Cash and cash equivalents
For the purpose of the statements of cash flows, all highly liquid investments with an original maturity of three months or less are considered to be cash equivalents. The carrying value of these investments approximates fair value. As of February 29, 2012 and May 31, 2011, there are no cash equivalents.
Fair value of financial instruments
Fair value estimates discussed herein are based upon certain market assumptions and pertinent information available to management as of February 29, 2012 and May 31, 2011. The respective carrying value of certain on-balance-sheet financial instruments approximated their fair values. These financial instruments include cash and accounts payable. Fair values were assumed to approximate carrying values for cash and payables because they are short term in nature and their carrying amounts approximate fair values or they are payable on demand.
Use of estimates
The preparation of financial statements in conformity with generally accepted accounting principles requires management to make estimates and assumptions that affect the reported amounts of assets and liabilities and disclosure of contingent assets and liabilities at the date of the financial statements and the reported amounts of revenue and expenses during the reporting period. Actual results could differ significantly from those estimates.

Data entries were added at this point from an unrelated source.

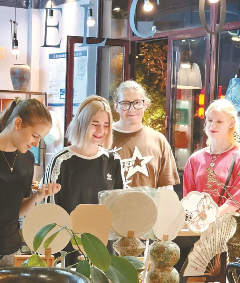 图为国庆期间在尚品燕鲜炖店选文创产品的外国游客。 通讯员 刘美荣 摄
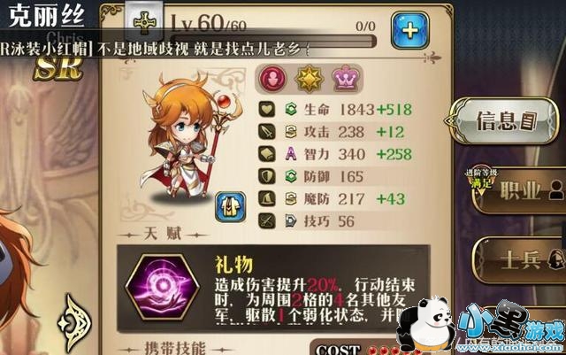 天赋方面,克里斯的增伤20%非常不错,清负面和随机强化也是一把利器。近战法师的设定让克里斯可以非常好的针对近战敌人,并且还能回复。
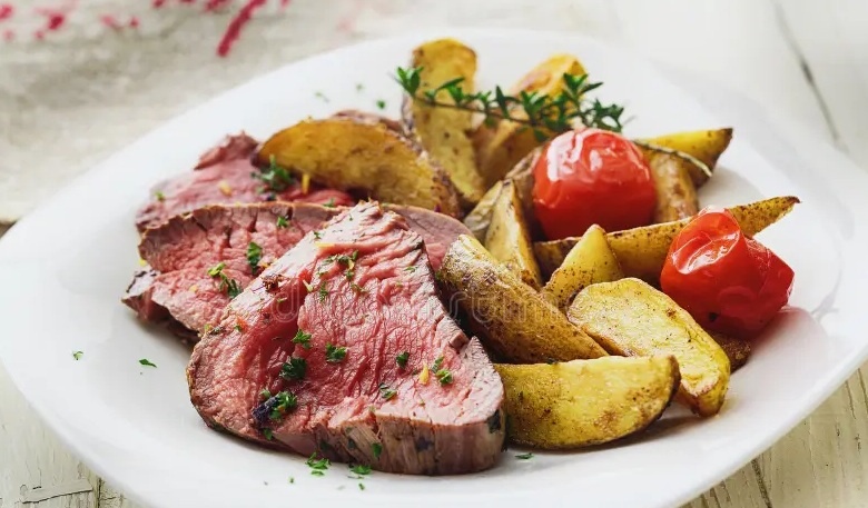 Запечённая говядина с картошкой и помидорами
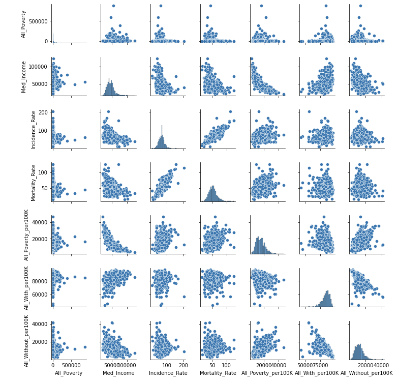 However, one concern in the pairplot is that All_Poverty looks like an exponential distribution and thus transformation is needed.

The Company has evaluated the recent accounting pronouncements through ASU 2011-12 and believes that none of them will have a material effect on the Companys financial statements.
Earnings per share
The Company follows ASC Topic 260 to account for the earnings per share. Basic earnings per common share calculations are determined by dividing net income by the weighted average number of shares of common stock outstanding during the year. Diluted earnings per common share calculations are determined by dividing net income by the weighted average number of shares of common shares and dilutive share equivalents outstanding. During periods when common stock equivalents, if any are anti-dilutive they are not considered in the computation.